Can't get my head around this report... an away win... I support Gillingham we've never had that experience.... away win?!?! No just don't get it :-)

MJ said...

A Hannah Waterman workout DVD?

What’s next?

Mo Harris in Spandex?

Istvanski said...

Furtheron - You're impressed, I can tell. We also blagged a win at The Hawthorns but the next one will be a toughie.

MJ - What about an oiled up Dot Cotton writhing around on a latex sofa smoking a fag?

rockmother said...

Great reporting Ister although that dvd cover - ooh madam - put them awaaaay!
Do you think Hannah Waterman smuggled a few extra Ginsters down her bikini top on holiday in case she fancied a spontaneous beach snack? x

Howesy said...

Hmm Dot Cotton,
oiled up?!?!?!
Don't mind if I do sir...

expat@large said...

So is it pronounced "PAYsty" or "PARsty" in the home of concoction?

Geoff said...

Now we've got the big-spending Mills & Boon proprietors on board you can have Freddie Sears back.

The idea of football further west than Bristol just doesn't seem right.

Istvanski said...

RoMo - I thought Hannah was wearing one of those fat suits from the special effects department (they have a secret compartment inside enough to hold, ooh about 42 large sized pasties).

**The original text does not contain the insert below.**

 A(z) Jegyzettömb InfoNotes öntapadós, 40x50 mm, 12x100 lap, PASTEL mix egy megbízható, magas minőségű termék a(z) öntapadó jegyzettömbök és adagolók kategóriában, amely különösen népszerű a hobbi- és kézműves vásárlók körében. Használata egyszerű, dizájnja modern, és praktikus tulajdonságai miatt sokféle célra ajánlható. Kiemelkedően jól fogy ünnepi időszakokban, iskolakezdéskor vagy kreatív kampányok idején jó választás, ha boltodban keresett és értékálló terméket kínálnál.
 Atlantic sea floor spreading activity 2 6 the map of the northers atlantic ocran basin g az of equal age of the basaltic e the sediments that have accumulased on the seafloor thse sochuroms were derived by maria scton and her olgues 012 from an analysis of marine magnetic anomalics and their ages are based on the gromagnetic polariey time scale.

Howesy - Here I was thinking you were more Pat Butcher's type of guy. But then again she hasn't really got a 'type of guy' has she?

Expat - I believe it's pronounced "paah-stoiee", but I could be wrong. Try to imagine it being said by a stereotypical Disney pirate. If there are any local yokels in cyberspace willing to correct me, speak now or forevarrr 'old yer poice, Jim laaad.

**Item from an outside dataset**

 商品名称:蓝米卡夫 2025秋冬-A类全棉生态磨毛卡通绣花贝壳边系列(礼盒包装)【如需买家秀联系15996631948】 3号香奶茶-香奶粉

Geoff - We'll gladly take Master Sears off your hands, we wouldn't want a couple of dildo salesmen corrupting his young mind, would we?
Perhaps next time Freddie will score against Brizzle City again and with a bit of luck, the goal might get acknowledged by the officials.

savannah said...

ohhhhhhhhhhhhh, this was all incidental to a football win, sugar? i had to google everything!

;~D xoxoxoxox

(when did you start comment moderation?)

(hi, howsey *waving*)

Liz said...

Oh, I think I'd better get that DVD.

Husband went to Portsmouth once and got beaten up by sailors so I shall look forward to your report from that town.

However, in their favour, both 'mouths are by the sea - unlike Croydon.

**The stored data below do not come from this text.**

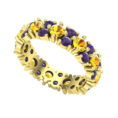 Sitrin ve ametist 925 ayar altın kaplama gümüş yüzük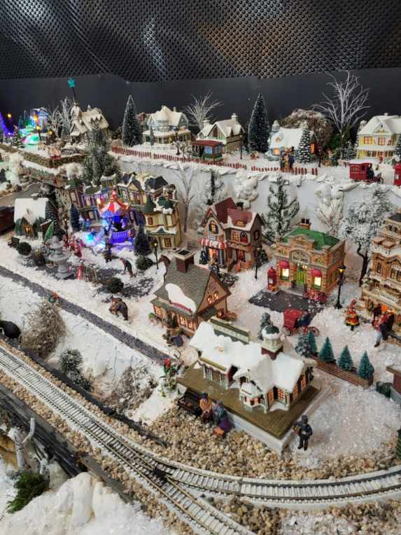 The pair both assist with engineering the Christmas ornament balls on the tree at the end of main street: cutting, sanding, and writing for the season greeting board.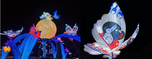 花灯将大白兔经典奶糖造型转化为灵动蝶身,翅膀则由标志性的红蓝白糖纸拼接而成,既保留品牌记忆点,又通过光影艺术传递“破茧成蝶”的焕新意象,以视觉语言串联起中秋团圆与大白兔“快乐分享,温情共享”的品牌主张,吸引众多游客驻足合影。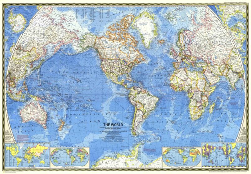 A great map is as much a reflection of its time in history as its beautiful craftsmanship. This map presents the world in classic National Geographic style: stunning colors, detailed geographical information, and timely insets. Published in 1970.

I flew off a motor-bike into the middle of the road in Croydon once.

Istvanski said...

Savvy - There seems little point writing about the match if you can read about it in the newspapers and other online sources. Better to report on the feel of the town / city to see what makes the local people tick. I'll make a better effort to link to the more unfamiliar references next time just for you, sugar.

;-) xox

Howesy - Wave back to Savvy!

Liz - Trouble is Croydon isn't a "mouth" although it has plenty mouths that inhabit it, you can't help hearing all of them once the shops open for business.
I hope you weren't blaming Croydon for flying off a motorbike?! I can only think that it was your own fault for trusting the local drug dealers...
Remember kids; taking acid will not turn you into Superman.